Circadian Overhead Lighting
As most Angelenos know, anti-aging efforts come in many annoying forms. But this time, the call comes from inside the house. your house. Los Angeles homes are increasingly equipped with lighting technology that mimics the exact shade of the sun. These “circadian lights” are designed to protect melatonin production, a new (and expensive) weapon in the war against looking old. The best part: Using these lights means you'll be in bed by 6 pm, ready for a night of total darkness and forced rest. Elegant!
Amino acid trips
This is peptide packing at its hallucinogenic limit, no yurt needed!
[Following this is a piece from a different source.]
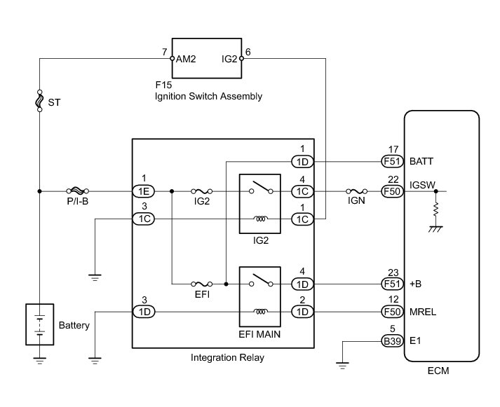 When the ignition switch is turned to ON, battery voltage is applied to terminal IGSW of the ECM. The output signal from the MREL terminal of the ECM causes current to flow to the coil, closing the contacts of the integration relay (EFI MAIN relay) and supplying power to terminal +B of the ECM.

Take a small but powerful pill of Los Angeles-grown, protein-rich amino acids, optimized for longevity and fat-burning properties, and let the amino acids carry you. If you thought the injections were effective, wait until the onslaught of millions of strains of ambiguous compounds arrives! They say an amino acid trip is like two lifetimes of therapy, a stint in rehab, and a fight with your absent father all rolled into one.
As a wise, wellness-conscious Angeleno, you wouldn't want to be the last one in your overly intense preschool mom text chain or your chakra balancing Zoom class to engage in these trends, right? After all, spring is here… and, well, I also admit it: these trends are completely false and illegitimate and, like many real treatments based on fads, are intended purely for fun and not serious consumption.
Happy April Fool's Day!
Leib is a comedian, television writer, podcaster and cultural journalist who, to date, has never worn a cabbage as a hat.